Jan 15, 2025  
2023-2024 Undergraduate Catalogue 
    
2023-2024 Undergraduate Catalogue [ARCHIVED CATALOGUE]

ENG 331 - Gothic Monsters (1)

Demons, ghosts, vampires, and the indescribable monsters that stalk the night have appeared in literary and historical records reaching back to the earliest stories that humans began to tell one another. The eighteenth century and early nineteenth century did not invent any of these monsters, but they did shift the way the culture at large relates to them. With the rise of Gothic literature in England came a newfound appreciation for monsters: they were not only horrifying and dangerous but also appealing in oblique ways.
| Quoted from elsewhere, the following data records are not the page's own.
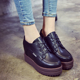 圆头布洛克女鞋英伦风内增高漆皮厚底鞋女松糕底春季系带坡跟高跟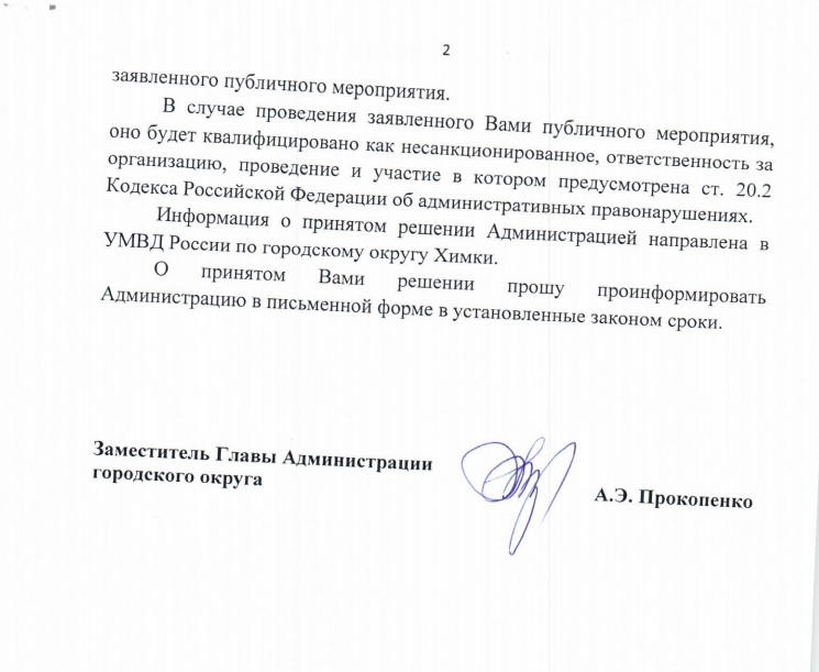 Заместитель главы Химок по безопасности Александр Прокопенко наконец прислал химкинским активистам ответ на их уведомление о проведении пикета в защиту прав граждан, который был запланирован на 5 ноября.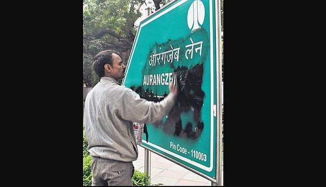 The police received a call around 5.40 am that few persons had gathered and were defacing the signage boards at Aurangzeb lane.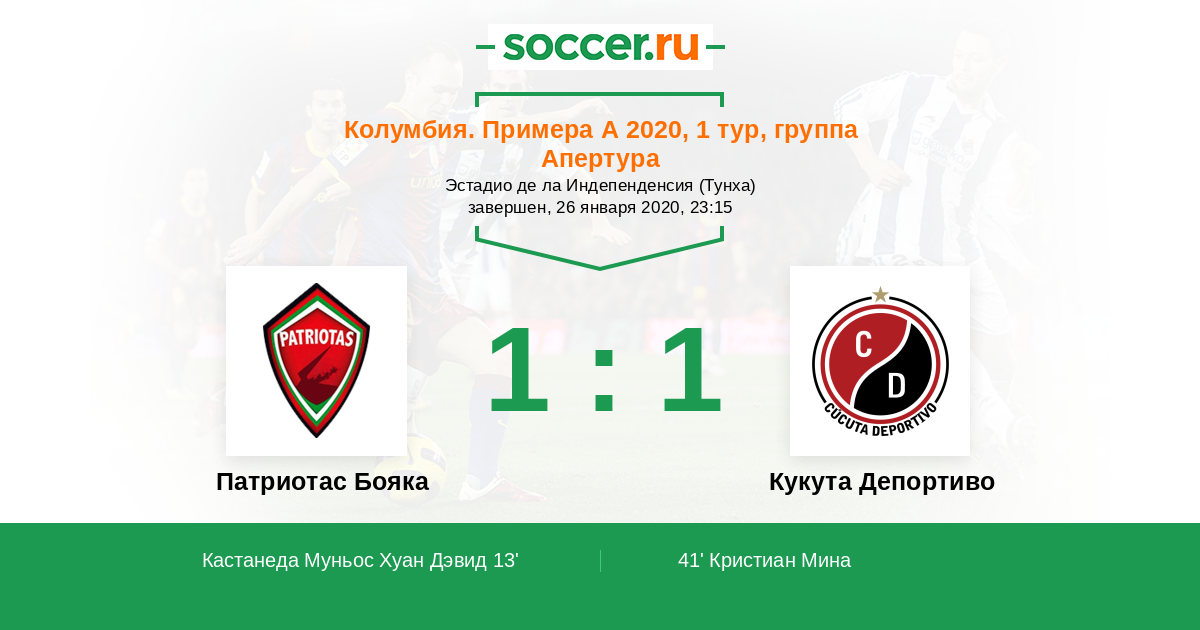 Протокол матча Патриотас Бояка против Кукута Депортиво

They were terrifying precisely because they were attractive and evil. Gothic monstrosity was therefore suitable to be used for a variety of critical ends: to underscore fears of female sexuality; to represent anxieties about racial and ethnic Others; and to critique other religions. In this course, we will consume eighteenth and nineteenth-century Gothic texts alongside the modern stories inspired by their legacy. By comparing different generations of Gothic ideas-across multiple forms of media-we can tease out why Gothic thrills remain pleasurable and how they’ve been adapted for a contemporary readership with potentially subversive aims. Features archival visits and guest speakers. Prerequisite: writing-designated course (W), or ENG 201 , ENG 202 ENG 215 , or ENG 225   Alternate years.